N. sativa widely use evidence showed its anti-inflammatory effect is comparable effect of of 100 mg/kg aspirin by its inhibitory effects on Carrageenan induced paw edema [28]. Also, evidences show N. sativa anti-inflammatory therapeutic effects on psoriasis (by produced the ethanolic extract) [29], Acne vulgaris (as an oil lotion 10% significantly reduced mean lesion count of and pustules after 2 months of therapy) [30, 31], Vitiligo (by Lyophilized seed extract of N. sativa and its active ingredient) [32, 33], Hypersensitivity reactions (by using carbonyl fraction of N. sativa and its active components, thymoquinone and nigellone) [34, 35] and Skin cancers (by enhancement of the natural killer (NK) cell in anti-cancer program) [36, 37].

Active compounds have been extracted from the seed and oil of N. sativa, including thymoquinone, thymohydroquinone, di- thymoquinone, thymol, carvacrol, Nigellimine-N-Oxide, nigel- licine, nigellidine and alpha hederine [38]. The most beneficial therapeutic properties of this plant is due to the presence of phenolic compounds, especially thymoquinone [39]. The mechanism of anti-inflammatory action of N. sativa oil and thymiquinone is realized through inhibiting cyclo-oxygenase and 5-lipoxygenase pathways and preventing the production of thromboxane B2 and leukotriene B4 [4042]. A study by Hadi et al in 2016 showed that N. sativa oil could be helpful in reducing the inflammation process and it can be used as a supplementary treatment in patients with rheumatoid arthritis [43], a point which was confirmed by the results of Gheita et al. study in 2012 [44].

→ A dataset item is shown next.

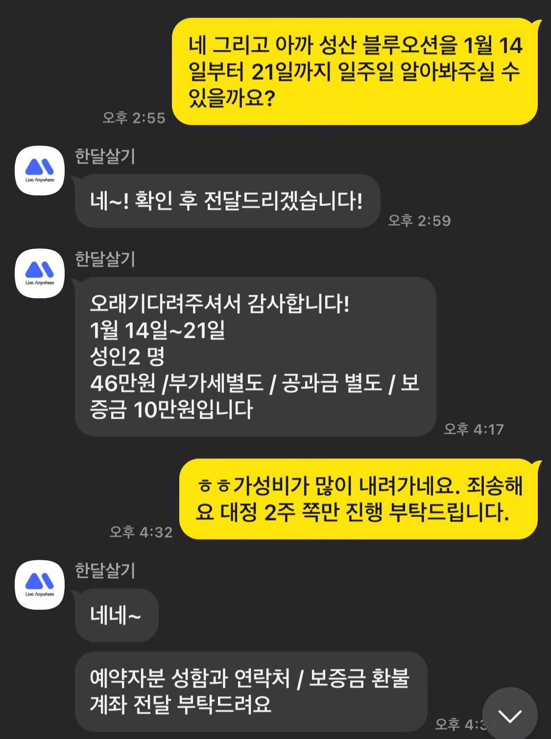 한달살이 앱의 경우엔 일반 숙박어플처럼 여러 숙소를 사진 중심으로 빨리 빨리 볼 수 있고, 중간단계를 거치기 때문에 허위매물의 위험이 낮은 편입니다. 다만 사업체가 작아 응답시간이 늦습니다. 그리고 허위매물의 위험성이 낮은 대신, 내가 원하는 날짜에 맞추긴 어렵습니다.
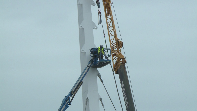 A híd tartópilonját október közepén emelték be a szakemberek. Az 50 méter magas tartóoszlop ezzel a megyeszékhely legmagasabb épített pontja lett.

Considering the importance of phlebitis induced by intravenous injection of chemotherapy drugs and the consequence of imposing additional treatment costs for the patient and the health system, the present study was designed to determine the effect of N. sativa oil on the prevention of phlebitis induced by chemotherapy.

2. Materials and methods

2.1. Study design and registration

The present study was a single-blind (patients) clinical trial performed on 60 patients undergoing chemotherapy admitted to the Oncology Department of Tohid Hospital (affiliated to kurdistan University of Medical Sciences) in Sanandaj city, from July to December of 2018. This study was approved by Ethics Committee of Islamic Azad University, Tehran Medical Sciences Branch; the clinical trial protocol was registered at the Iranian Registry of Clinical Trials (IRCT) under No: IRCT20181208041892N1. The CONSORT checklist was used to report the study [45]. Written and oral informed consent obtained from all participants.

2.2. Eligibility criteria

Inclusion criteria were Being aged 25 to 75 years, full awareness and collaboration to participate in the research, having gastrointestinal cancers (colon, rectum, esophagus, stomach), being on chemotherapy diets such as 5-fluorouracil +oxaloplatin+ Leucovorin or 5-fluorouracil +Cisplatin, application of 20-22 catheter gauge (made of Unicut Company), use of upper limb for inserting of intravenous catheter, non-use of analgesics and pain relief, non-steroidal anti-inflammatory drugs, non-use of antibiotics, Lack of diabetes, skin disorders and autoimmune diseases, lack of fever, neutropenia and any signs of infection, not using any ointment or vegetable oil at the site of venipuncture during research were the main inclusion criteria. Exclusion criteria included the patient’s unwillingness to continue to collaborate in the research, early discharge, ill-being and allergic reactions during the study.

2.3. Intervention

The sample size, derived from the same study [21] and considering the 80% probability of testing, and the type 1 error of 5%, were calculated 30 subjects in each group. This study was single blind, patients were aware of being involved in the study, but not aware of which group they are in at the time of intervention. First the researcher providing explanations about the method and the objective of the research to the all patients. In this study, the samples were selected by Convenience Sampling method and then, were randomly assigned into intervention (N. sativa oil) group and control (routine care) groups. In intervention group, the participants (30 patients), initially, Angiocath IV Catheter, 20-22 gauge sizes (manufactured by UNICUT company) was inserted in the upper limb veins of the participants, observing the aseptic Technique. After the insertion of peripheral vein catheter, 5 drops of N. sativa (prepared by the pharmacist) was applied 2 times a day (each 12 hours, morning and night before bedtime) on the distal area of the catheter up to 10 cm on the route of intravenous injection from the first to the third day of chemotherapy cycle in the intervention group. Also, the place was washed with water each time before using oil; No intervention was conducted for the participants in the control group. The participants of two groups were evaluated for incidence and severity of phlebitis in these three days every 12 hours at intervals of 12, 24, 36, 48, 60, 72 hours. On the first day, all the participants were given the same training for catheter care. Collected data was analyzed by SPSS 21 using descriptive statistics (mean, standard deviation) and descriptive statistics (Chi-Square, Fisher exact, T-test, MannWhitney test). (Figure 1)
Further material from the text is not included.